● Task prompt
Produce a verbatim copy of the data below that contains no pictures.

● Stored data
------------------------
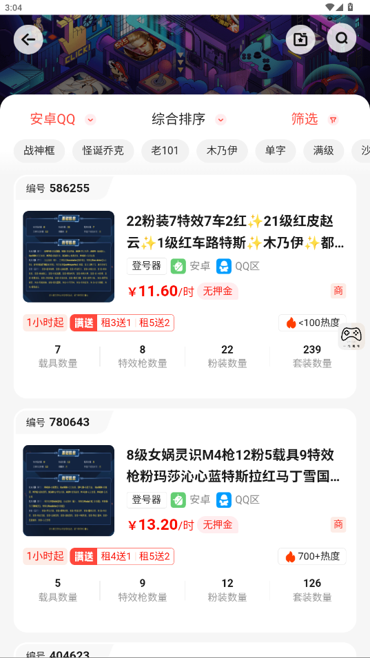 1.打开软件,登录之后,在首页挑选要租号的游戏
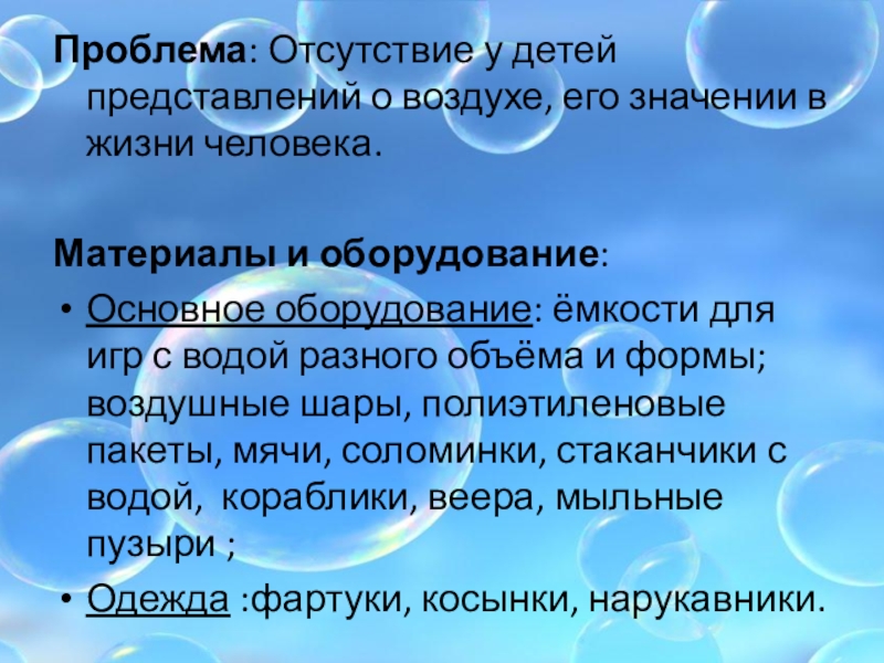 Проблема: Отсутствие у детей представлений о воздухе, его значении в жизни человека.Материалы и оборудование:Основное оборудование: ёмкости для
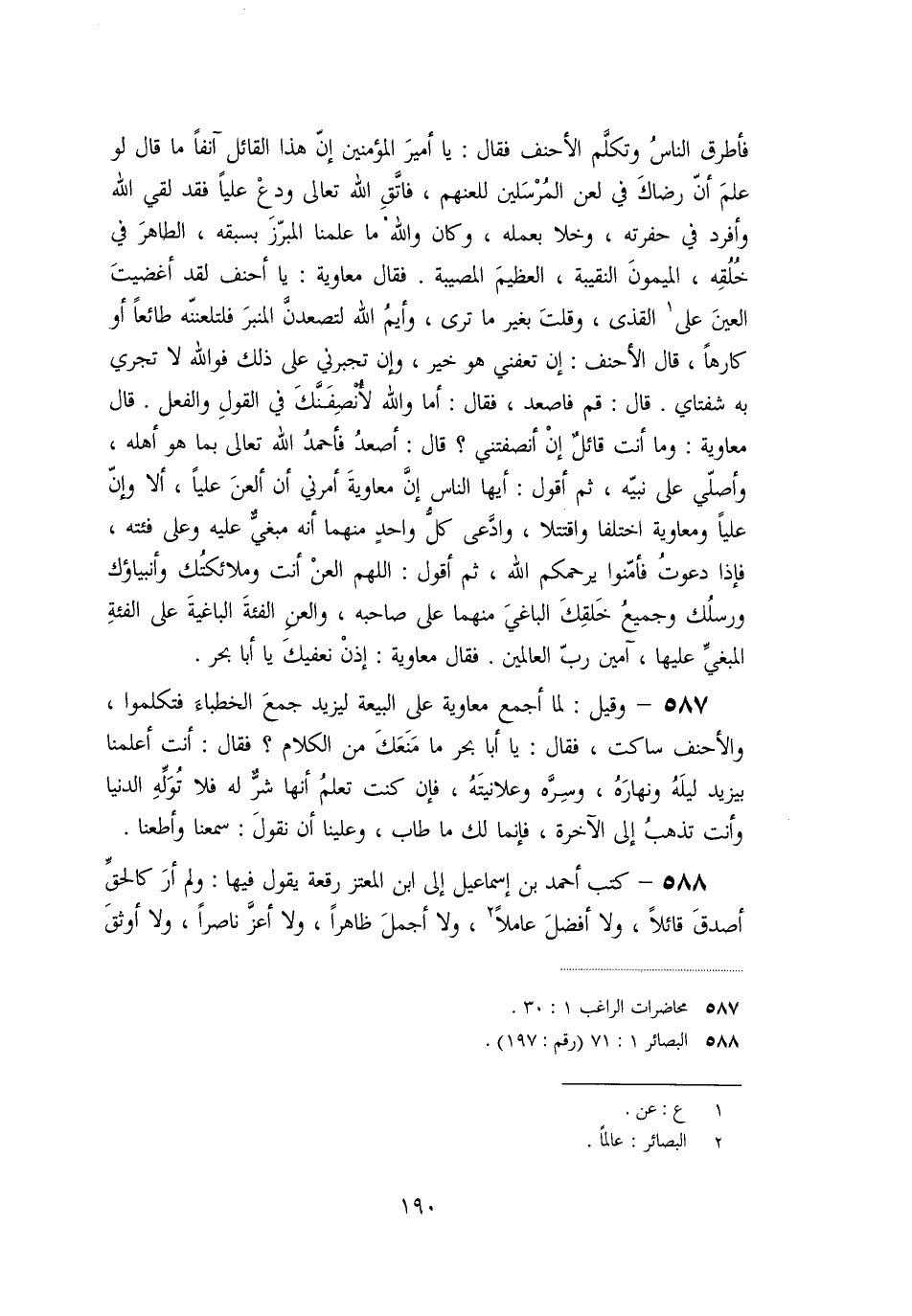 «587» - وقيل: لما أجمع معاوية على البيعة ليزيد جمع الخطباء فتكلموا، والأحنف ساكت، فقال: يا أبا بحر ما منعك من الكلام؟ فقال: أنت أعلمنا بيزيد ليله ونهاره، وسرّه وعلانيته، فإن كنت تعلم أنها شرّ له فلا تولّه الدنيا وأنت تذهب إلى الآخرة، فإنما لك ما طاب، وعلينا أن نقول: سمعنا وأطعنا.
------------------------
● Answer for the task
 1.打开软件,登录之后,在首页挑选要租号的游戏
 Проблема: Отсутствие у детей представлений о воздухе, его значении в жизни человека.Материалы и оборудование:Основное оборудование: ёмкости для
 «587» - وقيل: لما أجمع معاوية على البيعة ليزيد جمع الخطباء فتكلموا، والأحنف ساكت، فقال: يا أبا بحر ما منعك من الكلام؟ فقال: أنت أعلمنا بيزيد ليله ونهاره، وسرّه وعلانيته، فإن كنت تعلم أنها شرّ له فلا تولّه الدنيا وأنت تذهب إلى الآخرة، فإنما لك ما طاب، وعلينا أن نقول: سمعنا وأطعنا.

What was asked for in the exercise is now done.